EXERCISE DATA ::

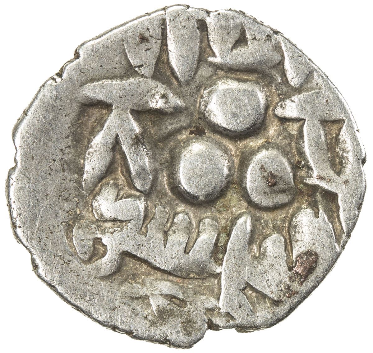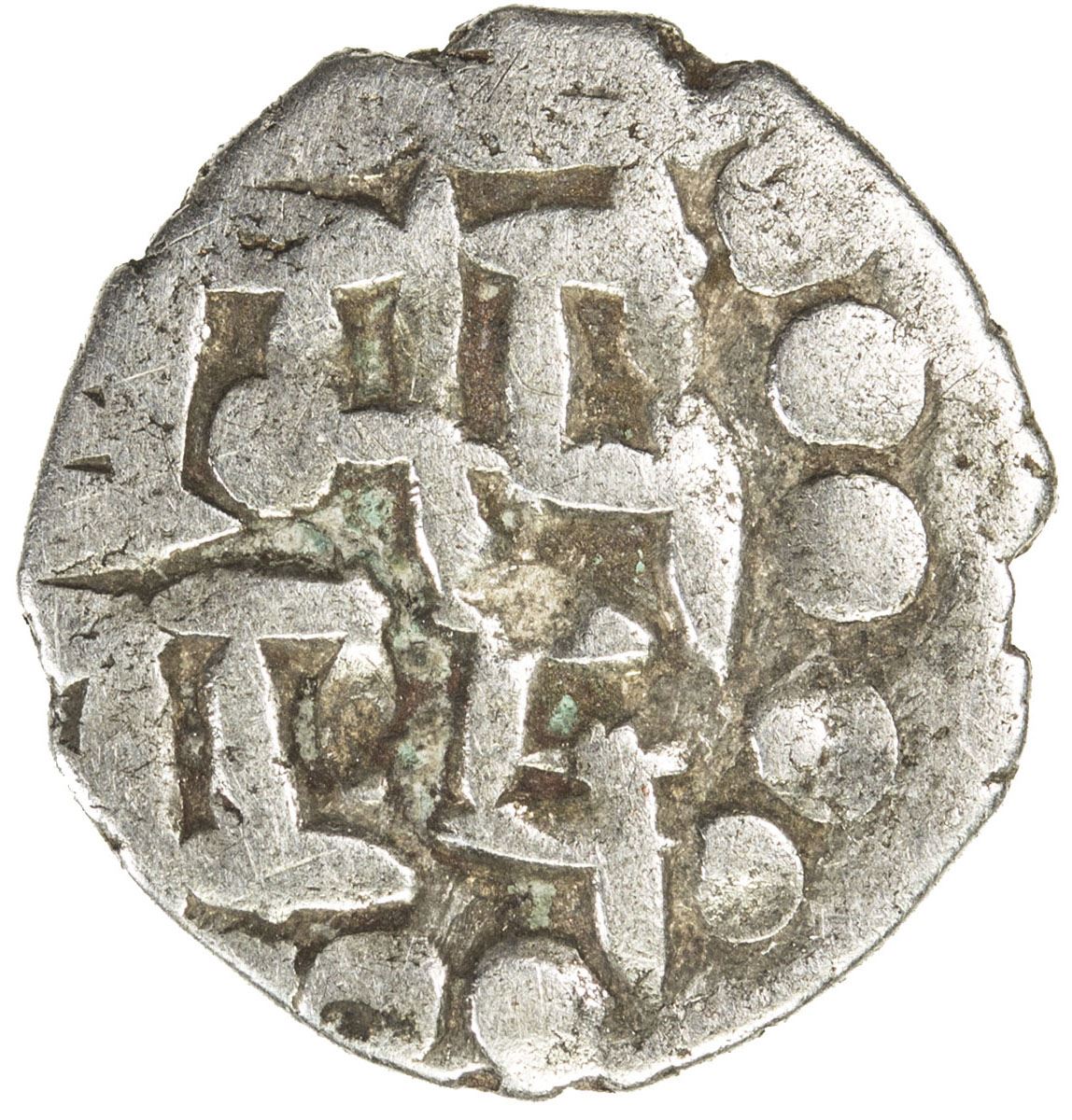 AMIRS OF MULTAN: Asad, fl. 305, AR damma (0.46g), NM, ND, A-1504, 3-line Nagari text // obverse type A with Nagari "Srimad / Varaha", name lillah asad below the triplet of pellets on the reverse, Nagari text in upper area, VF, RR, ex M.H. Mirza Collection
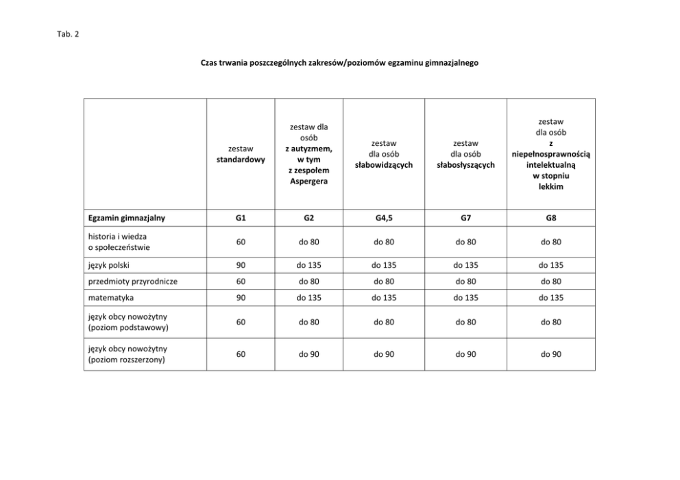 Tab. 2 Czas trwania poszczególnych zakresów/poziomów egzaminu gimnazjalnego zestaw standardowy zestaw dla osób z autyzmem, w tym z zespołem Aspergera zestaw dla osób słabowidzących zestaw dla osób słabosłyszących zestaw dla osób z niepełnosprawnością intelektualną w stopniu lekkim Egzamin gimnazjalny G1 G2 G4,5 G7 G8 historia i wiedza o społeczeństwie 60 do 80 do 80 do 80 do 80 język polski 90 do 135 do 135 do 135 do 135 przedmioty przyrodnicze 60 do 80 do 80 do 80 do 80 matematyka 90 do 135 do 135 do 135 do 135 język obcy nowożytny (poziom podstawowy) 60 do 80 do 80 do 80 do 80 język obcy nowożytny (poziom rozszerzony) 60 do 90 do 90 do 90 do 90
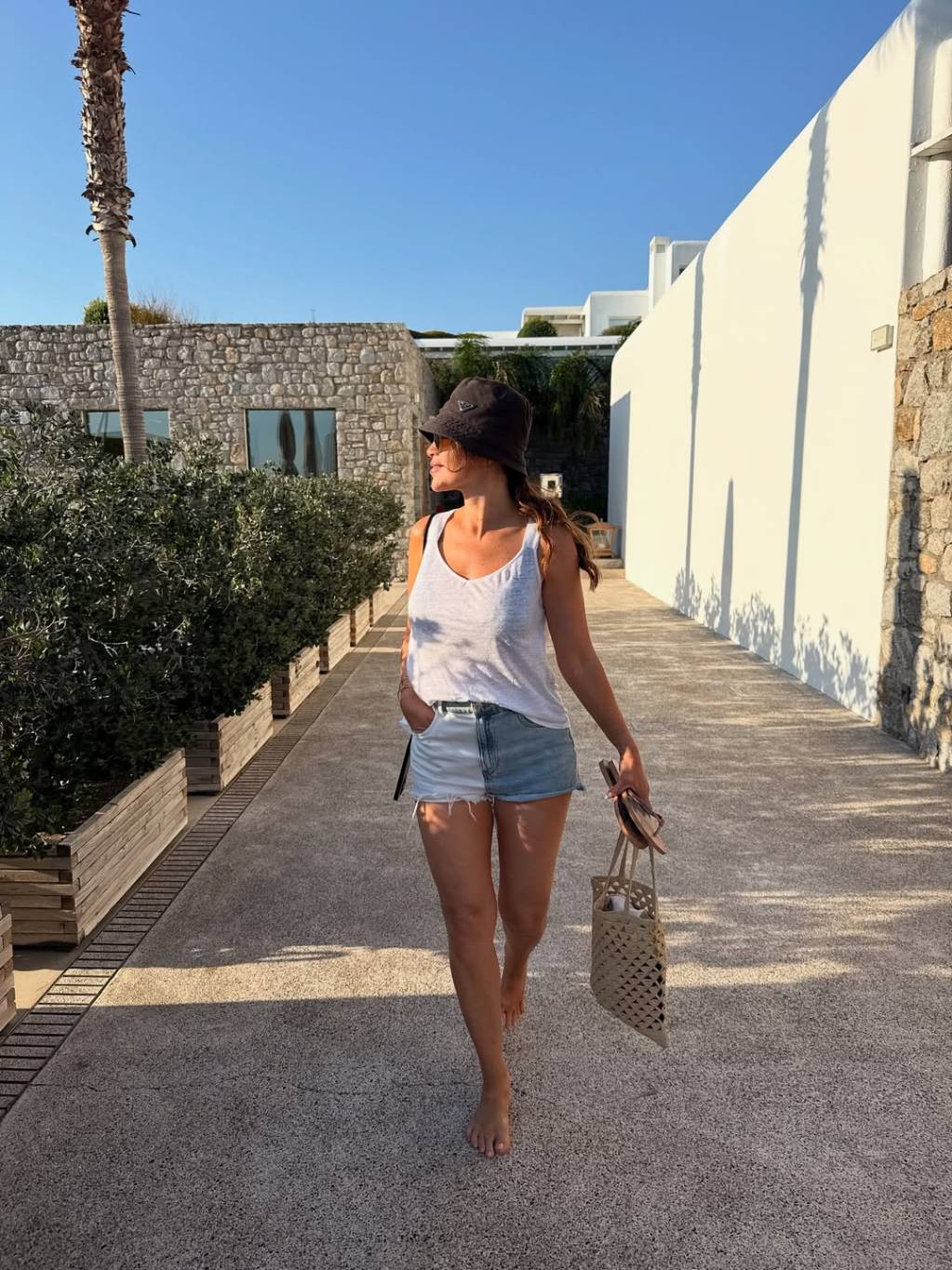 في إحدى الإطلالات، ظهرت جيهان مرتدية "توب تانك" بيضاء شفافة مع سروال قصير "هوت شورت" من قماش الدينم، حيث تميز السروال بنصف أزرق ونصف أبيض. completes هذا التنسيق مع سيرتها حافية القدمين وحملها للشبشب بيدها إلى جانب حقيبة يد باللون البيج. هذا الخيار يعكس جريئة موضة الصيف التي تتميز بالراحة والأناقة في الوقت نفسه.

ACTION ITEM :: The whole listing should be transcribed exactly, though its pictures must be left out.

YOUR SOLUTION ::
 AMIRS OF MULTAN: Asad, fl. 305, AR damma (0.46g), NM, ND, A-1504, 3-line Nagari text // obverse type A with Nagari "Srimad / Varaha", name lillah asad below the triplet of pellets on the reverse, Nagari text in upper area, VF, RR, ex M.H. Mirza Collection
 Tab. 2 Czas trwania poszczególnych zakresów/poziomów egzaminu gimnazjalnego zestaw standardowy zestaw dla osób z autyzmem, w tym z zespołem Aspergera zestaw dla osób słabowidzących zestaw dla osób słabosłyszących zestaw dla osób z niepełnosprawnością intelektualną w stopniu lekkim Egzamin gimnazjalny G1 G2 G4,5 G7 G8 historia i wiedza o społeczeństwie 60 do 80 do 80 do 80 do 80 język polski 90 do 135 do 135 do 135 do 135 przedmioty przyrodnicze 60 do 80 do 80 do 80 do 80 matematyka 90 do 135 do 135 do 135 do 135 język obcy nowożytny (poziom podstawowy) 60 do 80 do 80 do 80 do 80 język obcy nowożytny (poziom rozszerzony) 60 do 90 do 90 do 90 do 90
 في إحدى الإطلالات، ظهرت جيهان مرتدية "توب تانك" بيضاء شفافة مع سروال قصير "هوت شورت" من قماش الدينم، حيث تميز السروال بنصف أزرق ونصف أبيض. completes هذا التنسيق مع سيرتها حافية القدمين وحملها للشبشب بيدها إلى جانب حقيبة يد باللون البيج. هذا الخيار يعكس جريئة موضة الصيف التي تتميز بالراحة والأناقة في الوقت نفسه.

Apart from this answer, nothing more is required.